↓↓↓

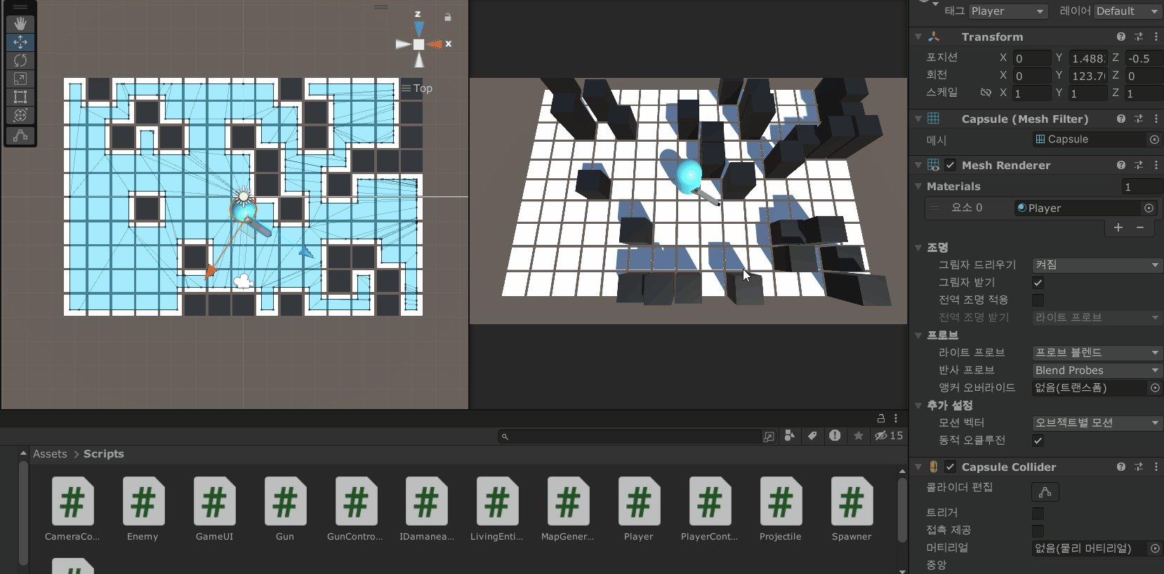 map = FindObjectOfType<MapGenerator>(); // 맵 생성기
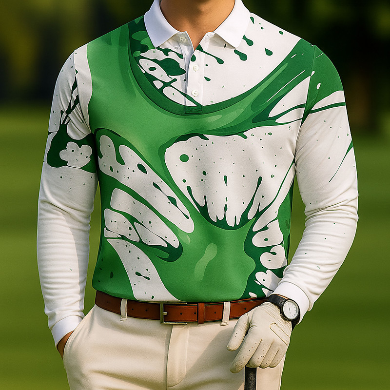Men's Golf Splash Ink Polo Long Sleeve Polo Shirts Lapel Casual Outdoor Athleisure Daily Wear 3D Print Buttons Spring Fall Winter Blue Green
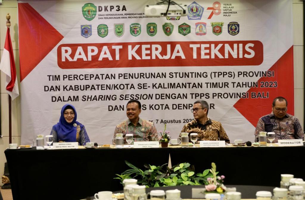 Sekretaris Daerah Provinsi Bali Dewa Made Indra memaparkan sejumlah langkah dan strategi dalam penurunan jumlah stunting di Bali. Hal ini disampaikannya saat didaulat sebagai narasumber dalam Rapat Kerja Teknis Tim Percepatan Penurunan Stunting Provinsi dan Kabupaten/ Kota se-Kalimantan Timur Tahun 2023 Dalam Sharing Session dengan TPPS Provinsi Bali, di Hotel Harper Kuta, Badung, Senin (7/8).
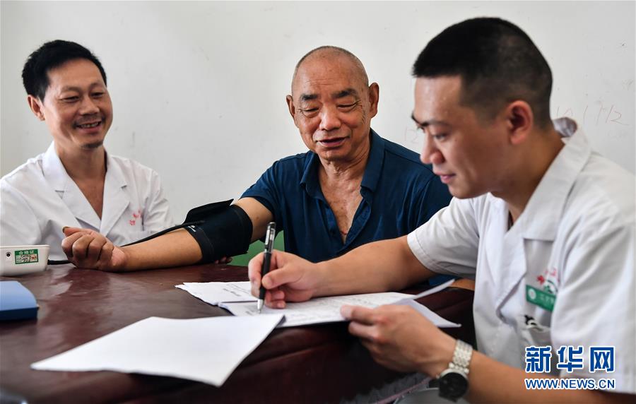 陜西安康市嵐皋縣佐龍鎮(zhèn)中心衛(wèi)生院的醫(yī)生在佐龍村對家庭醫(yī)生簽約服務(wù)對象進行慢性病隨訪(7月30日攝)。目前,嵐皋縣組建了71個鎮(zhèn)級家庭醫(yī)生服務(wù)團隊、15個縣級技術(shù)指導(dǎo)團隊,對貧困群眾開展重點人群免費體檢、慢病隨訪、健康生活指導(dǎo)、健康扶貧政策宣傳等簽約服務(wù)項目。新華社記者劉瀟攝。

↑↑↑

» YOUR TASK:
Leaving out all pictures, retype exactly the lines that run from the one containing "Sekretaris Daerah Provinsi" through the last line of the material.

» RESPONSE TO THE EXERCISE:
 Sekretaris Daerah Provinsi Bali Dewa Made Indra memaparkan sejumlah langkah dan strategi dalam penurunan jumlah stunting di Bali. Hal ini disampaikannya saat didaulat sebagai narasumber dalam Rapat Kerja Teknis Tim Percepatan Penurunan Stunting Provinsi dan Kabupaten/ Kota se-Kalimantan Timur Tahun 2023 Dalam Sharing Session dengan TPPS Provinsi Bali, di Hotel Harper Kuta, Badung, Senin (7/8).
 陜西安康市嵐皋縣佐龍鎮(zhèn)中心衛(wèi)生院的醫(yī)生在佐龍村對家庭醫(yī)生簽約服務(wù)對象進行慢性病隨訪(7月30日攝)。目前,嵐皋縣組建了71個鎮(zhèn)級家庭醫(yī)生服務(wù)團隊、15個縣級技術(shù)指導(dǎo)團隊,對貧困群眾開展重點人群免費體檢、慢病隨訪、健康生活指導(dǎo)、健康扶貧政策宣傳等簽約服務(wù)項目。新華社記者劉瀟攝。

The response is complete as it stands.